Il turismo aveva già cominciato a modificarsi in senso moderno. Sul finire del secolo, i turisti che arrivavano per imprescindibili motivi di salute erano ridotti a una minoranza e quando si presentò per la prima volta la questione del sanatorio furono gli stessi membri delle colonie inglese, francese e tedesca ad inoltrare proteste, minacciando di non ritornare più a Sanremo qualora la città fosse stata trasformata in un "foyer d'infection".
Nel nuovo secolo l'amministrazione continuò la sua lotta contro le malattie infettive. Furono, a questo scopo, costruiti locali per l'isolamento dei sospetti contagiati, fu riordinato l'intero servizio sanitario per favorire la cura degli infetti, fu fondato un gabinetto per le analisi cliniche.
Prima della grande guerra i progetti da realizzare per combattere le malattie contagiose erano ancora molti.
Nel 1913 si legge sul Resoconto della Giunta Municipale di San Remo:
«I locali di isolamento per le malattie infettive non sono più atti allo scopo... Tale necessità di nuovi adeguati locali per le malattie infettive fu sentita specialmente nella Colonia Inglese, la quale si è proposta di costruire, a proprie spese, un piccolo Ospedaletto di isolamento... Ma poiché l'Ospedaletto Inglese non è capace che di pochi letti, e dovrà essere riservato di preferenza alla Colonia Inglese, occorre che accanto ad esso sorga l'Ospedaletto cittadino...
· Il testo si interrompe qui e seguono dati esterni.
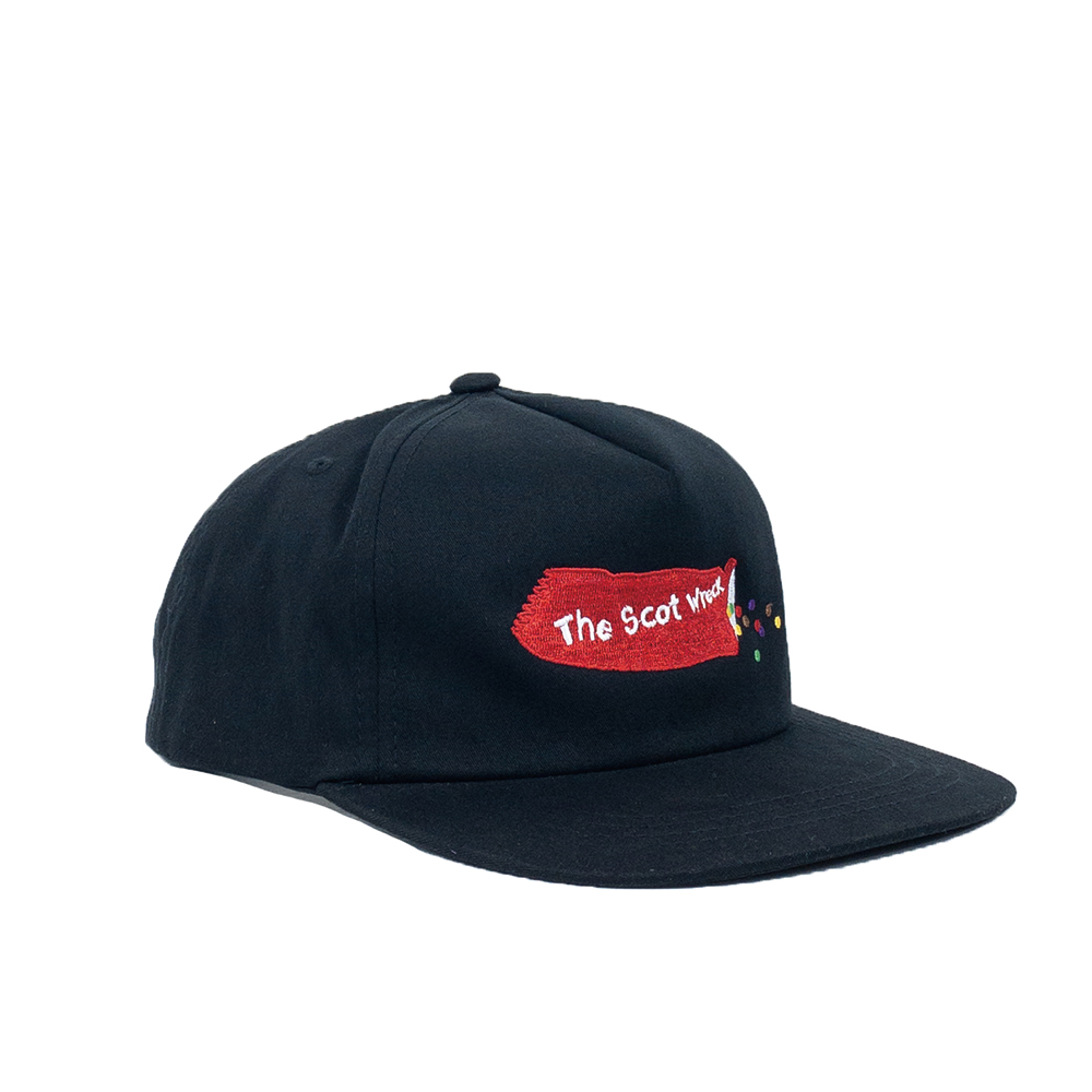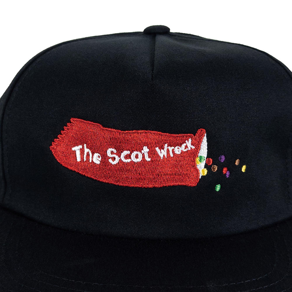 • 5-Panel Hat • Front embroidery • 60% Cotton, 40% Polyester • 'The scot wreck' woven label inside • Visor can be bent to suit your style.
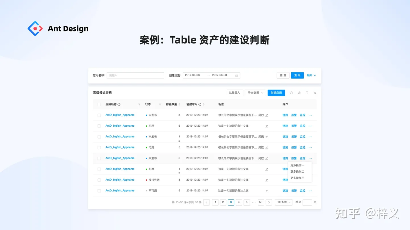 表格常用于展示同類結構下的多種數據,易于組織、對比和分析等,并可對數據進行搜索、篩選、排序等操作。一般包括表頭、數據行和表尾三部分
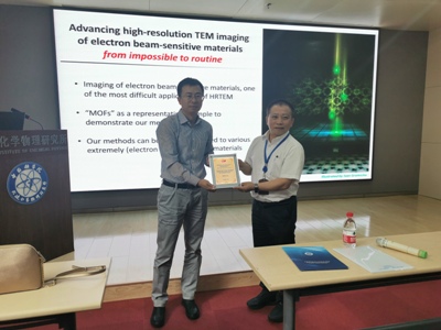 在報(bào)告中,韓宇詳細(xì)介紹了其研究團(tuán)隊(duì)開發(fā)的一種最新的低劑量高分辨透射電鏡成像技術(shù),對(duì)電子束敏感材料進(jìn)行原子級(jí)高分辨透射電鏡成像和分析。他以Uio-66、MIL-101、NU-1000、ZIF-8等MOF材料為實(shí)例,講解了這種成像和分析技術(shù)在研究電子束敏感材料的微觀結(jié)構(gòu)、結(jié)構(gòu)缺陷、客體分子、表界面微觀原子排布等方面的強(qiáng)大優(yōu)勢;通過Mo/ZSM-5實(shí)例,描述了這種技術(shù)在研究分子篩孔道中客體分子分布的潛在可能。報(bào)告后,韓宇和與會(huì)人員進(jìn)行了熱烈討論,對(duì)提出的問題一一做了詳盡的解答,為以后的交流與合作奠定了良好的基礎(chǔ)。
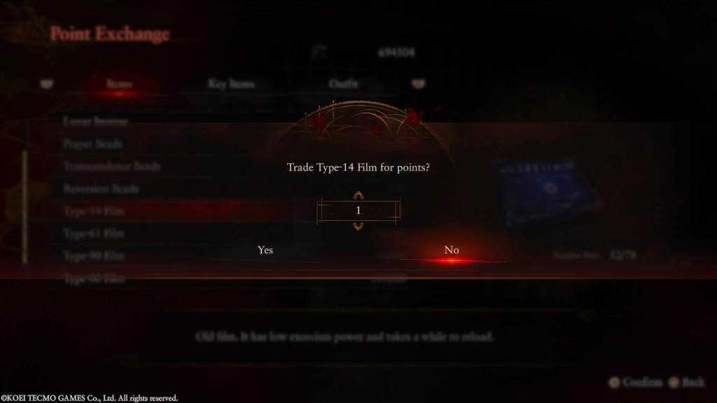All of the game’s save points have a point store where you can spend the points you earn in combat. However, the only things you can buy are upgrades to your charms, some Herbal Medicine for healing, and some stuff for the photo mode. And that’s it. At least, on your first playthrough. On New Game Plus, and only New Game Plus, the points store opens up vastly, letting you buy upgrade materials, outfits, and most importantly, film! This meant that my second playthrough on Nightmare difficulty felt way more balanced and way more fun than my first playthrough despite Nightmare being the hardest difficulty!
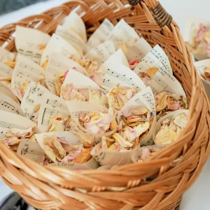 Az esküvői konfetti szórás megismételhetetlen pillanatáról a fotósok is gyönyörű képeket tudnak készíteni, amikor a vendégek a sziromszóró tölcsérből rátok szórják a természetes, szárított szirmokat.
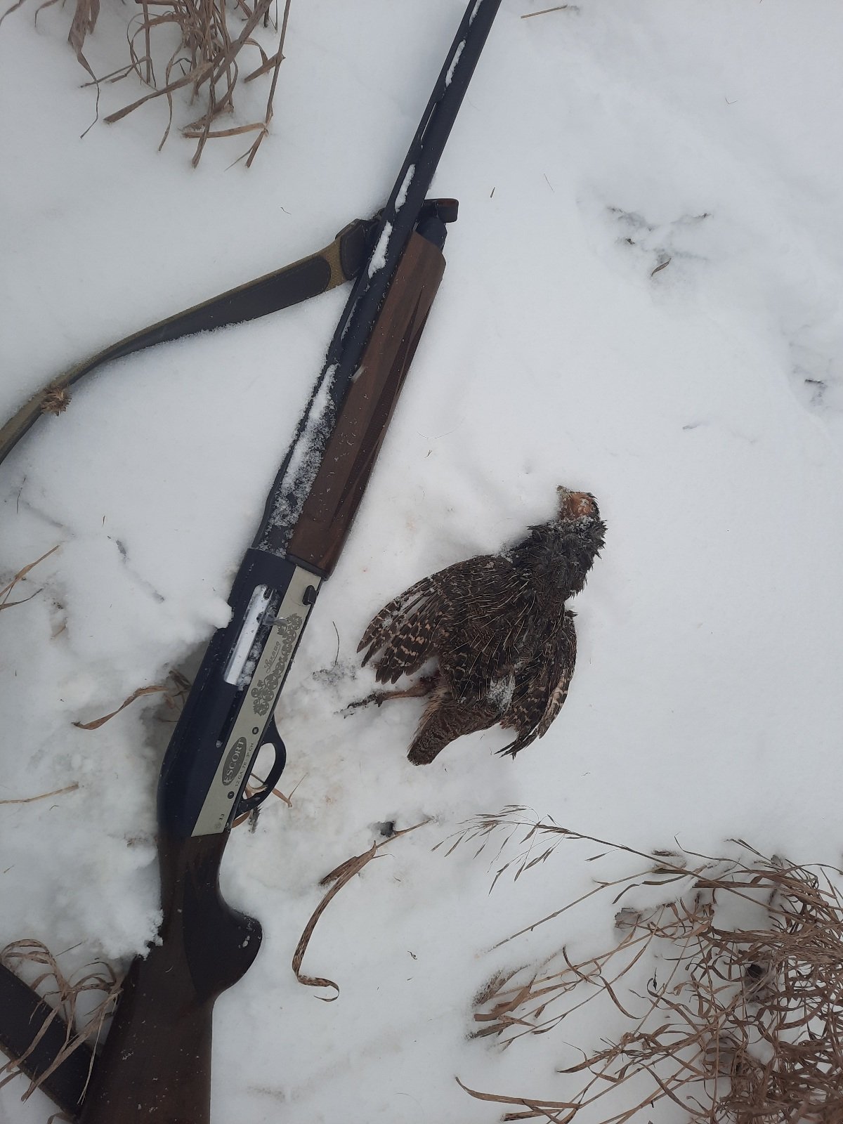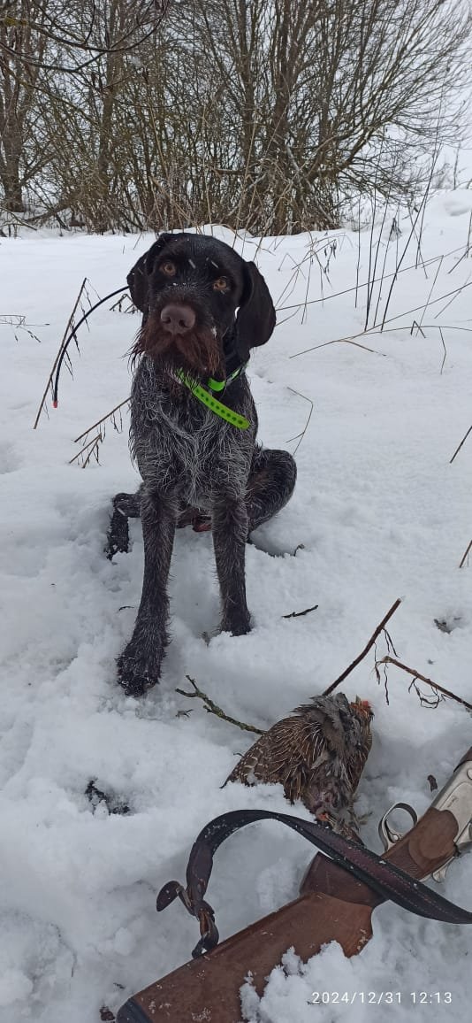 Popular Post wald2012 Posted December 8, 2024 Author Popular Post #80 Report Share Posted December 8, 2024 (edited) Приветствую друзья!!! Сегодня образовался выходной в «загонных охотах», решили с питомцем воспользоваться и погулять по угодьям. Снег запорошил поля накрыв белым одеялом, легкий мороз сковал ручьи и озера, оставив проталины. Давно Рей не выбирался в «поле», засиделся в вольере. Наматывал круги вокруг меня и держал нос по ветру обнюхивая каждый куст. Снег не глубокий, передвигаться легко, ведем поиск куропатки. Рей находит куст со свежими следами куропатки, натоптали сильно, видимо большая семья сидела. След свежий надо быть внимательней, Рей замирает, я понимаю, стойка, начинаю приближаться. Взлетело порядка трех десятков особей. Куропатка поднималась впереди, справа, слева, неожиданно много, придя в себя успел сделать выстрел... Попал, метров 20 упала, ищем трофей. Искали минут 10, подранок забился в траву, под снег, Рей добрал... МОЛОДЕЦ!!! Охота состоялась благодаря Рею, все довольны, питомец в двойне, погулял и добыл, едем домой. Edited December 8, 2024 by wald2012 12 wald2012 Quote Link to post Share on other sites More sharing options...
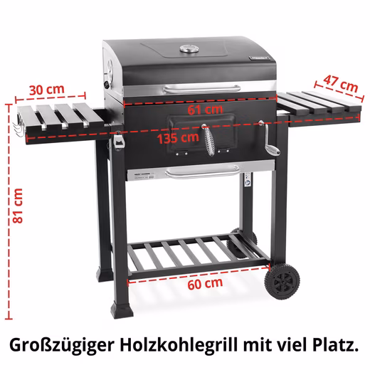- INFINITELY ADJUSTABLE CHARCOAL PAN – Height adjustment 70–210 mm via crank for pinpoint temperature control – precise grilling at any ember level.

Il progetto del nuovo Ospedale fu studiato dall'ufficio di Igiene ed è pronto in tutti i suoi particolari, compresavi la stazione di disinfezione....».
La guerra però interromperà la realizzazione dei progetti in corso di studio e nell'immediato dopoguerra le risorse cittadine, divenute molto esigue a causa della paralisi del movimento turistico, saranno finalizzate ai lavori essenziali.
3 - Il problema dell'evacuazione dei rifiuti
Con la creazione dell'acquedotto che convogliava in Sanremo le acque dell'Argallo, l'amministrazione comunale aveva creato il più importante presupposto atto a risolvere la questione igienica; essa era ora in grado, infatti, di disporre della sufficiente quantità d'acqua per il lavaggio delle strade e dei canali di scolo e per lo sciacquo delle chiaviche e dei fognoni.
Sulle ali dell'entusiasmo che l'inaugurazione dell'acquedotto provocò nella città, il consiglio comunale decise la costruzione della fognatura generale, riservandosi, però, di lasciare in sospeso la redazione del progetto, sia per l'incertezza del migliore sistema da adottarsi, sia per l'insufficienza dei mezzi finanziari disponibili.
Eseguire una fognatura costituiva, per le possibilità economiche e per le conoscenze tecniche di allora, un problema di non facile risoluzione. Solo nella seconda metà dell'Ottocento alcune città europee si erano impegnate in un simile sforzo e la tecnologia da esse impiegata era ancora per gran parte sperimentale. Inoltre, pur fervendo ormai da un ventennio un acceso dibattito sull'efficacia dei diversi sistemi, non v'era assolutamente accordo tra gli scienziati che si applicavano a questi studi.
La ragione dell'improvviso interesse che la questione fognaria seppe polarizzare era
«...senza dubbio, nell'esser riconosciuto come tale questione stia in stretto rapporto con quanti altri studi si vanno facendo per conoscere la cagione e le origini delle malattie infettive miasmatico-contagiose, e per iscoprire i mezzi atti a prevenirle ed a combatterle. Poiché si riconobbe in mododa non ammetter dubbio, da medici e igienisti, che la condizione di pulizia e nettezza del suolo sottostante alle costruzioni ed alle pubbliche vie, influisce assolutamente sulla purezza dell'aria nelle abitazioni e sulla consalubrità di chi sopra vi abita.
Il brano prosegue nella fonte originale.